Give back exactly the lines of the material below that start at the line containing "power emitted by" and end at the line containing "日本のバスは乗客を待ちます。", and no others.

SOURCE DATA:
=== Begin Enclosure ===

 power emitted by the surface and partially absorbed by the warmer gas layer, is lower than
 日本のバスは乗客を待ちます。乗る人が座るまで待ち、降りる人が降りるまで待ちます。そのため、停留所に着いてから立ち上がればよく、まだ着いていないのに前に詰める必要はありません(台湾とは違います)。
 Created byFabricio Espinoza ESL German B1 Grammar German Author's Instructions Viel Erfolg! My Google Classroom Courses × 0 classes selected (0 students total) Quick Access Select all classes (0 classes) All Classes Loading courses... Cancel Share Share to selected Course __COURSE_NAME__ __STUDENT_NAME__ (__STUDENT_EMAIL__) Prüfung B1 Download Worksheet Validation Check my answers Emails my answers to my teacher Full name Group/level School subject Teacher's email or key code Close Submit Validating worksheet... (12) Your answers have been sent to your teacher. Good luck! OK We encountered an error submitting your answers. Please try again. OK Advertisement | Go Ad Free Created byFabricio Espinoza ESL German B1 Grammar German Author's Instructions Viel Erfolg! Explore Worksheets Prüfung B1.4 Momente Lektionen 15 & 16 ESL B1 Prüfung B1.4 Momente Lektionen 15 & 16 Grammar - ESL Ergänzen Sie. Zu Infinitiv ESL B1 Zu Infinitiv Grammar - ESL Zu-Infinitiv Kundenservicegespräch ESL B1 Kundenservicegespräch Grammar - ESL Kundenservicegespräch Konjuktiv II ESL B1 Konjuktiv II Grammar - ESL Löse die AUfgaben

=== End Enclosure ===
=== Begin Enclosure ===

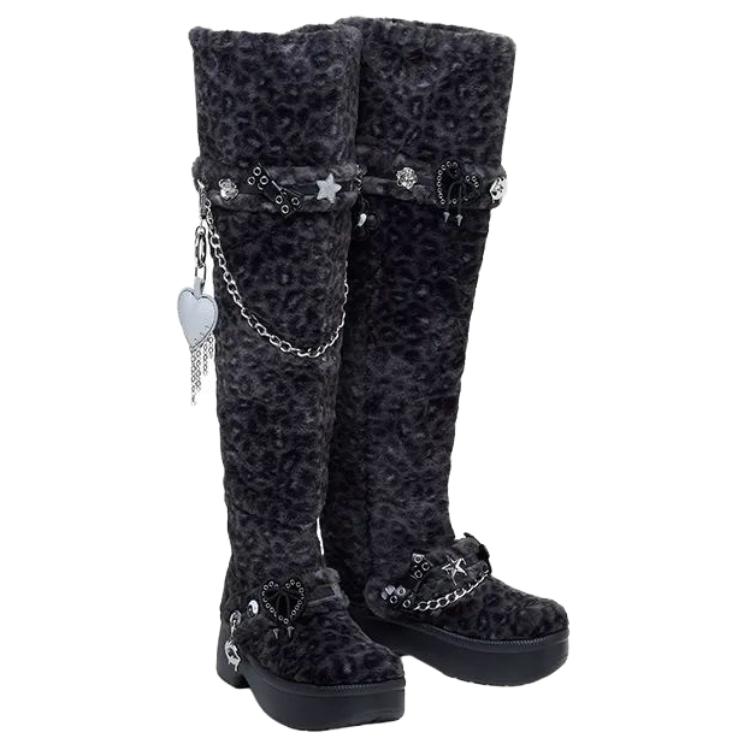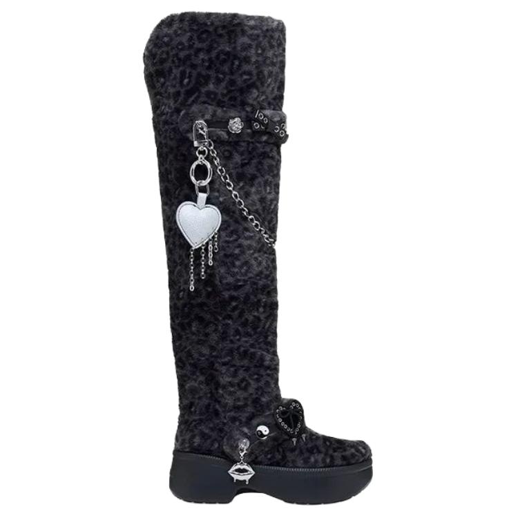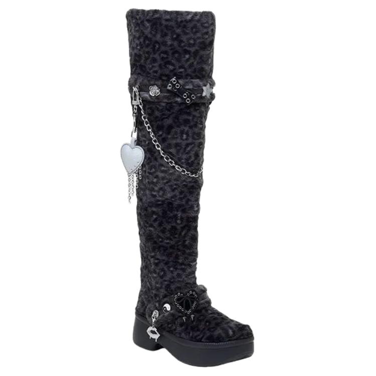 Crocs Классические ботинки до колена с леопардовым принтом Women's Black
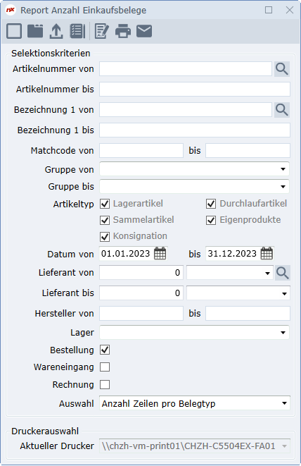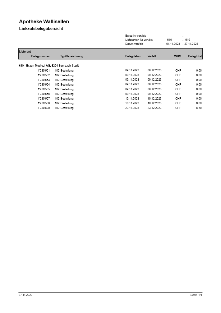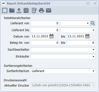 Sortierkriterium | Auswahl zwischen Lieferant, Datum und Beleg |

=== End Enclosure ===
=== Begin Enclosure ===

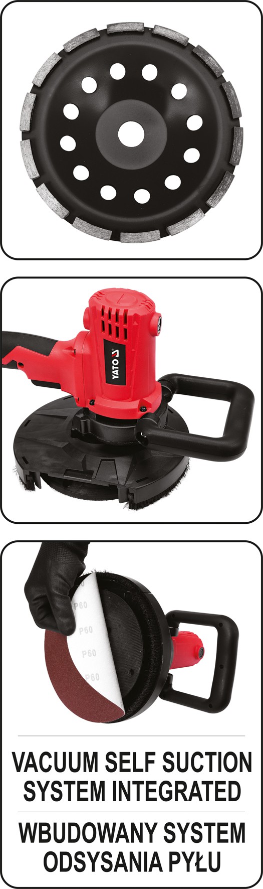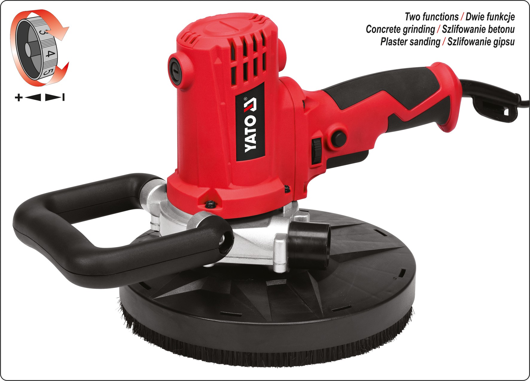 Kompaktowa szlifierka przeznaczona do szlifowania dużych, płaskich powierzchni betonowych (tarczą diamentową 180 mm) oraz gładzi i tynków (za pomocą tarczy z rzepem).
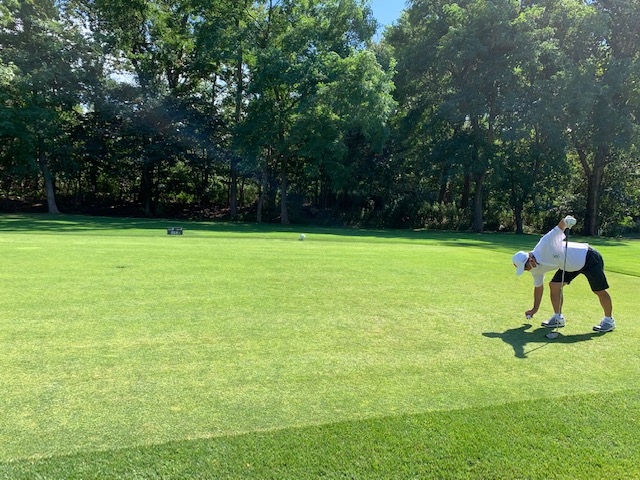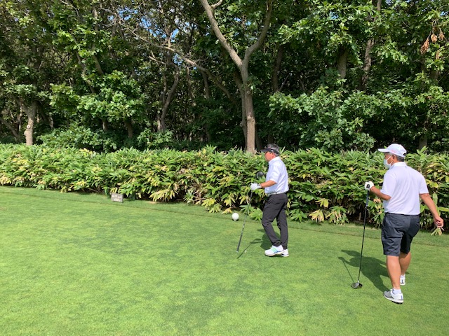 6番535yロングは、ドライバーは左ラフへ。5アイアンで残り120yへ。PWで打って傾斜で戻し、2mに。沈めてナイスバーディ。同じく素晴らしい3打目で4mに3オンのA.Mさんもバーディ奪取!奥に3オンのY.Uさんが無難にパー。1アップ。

=== End Enclosure ===

COMPLETED TASK:
 power emitted by the surface and partially absorbed by the warmer gas layer, is lower than
 日本のバスは乗客を待ちます。乗る人が座るまで待ち、降りる人が降りるまで待ちます。そのため、停留所に着いてから立ち上がればよく、まだ着いていないのに前に詰める必要はありません(台湾とは違います)。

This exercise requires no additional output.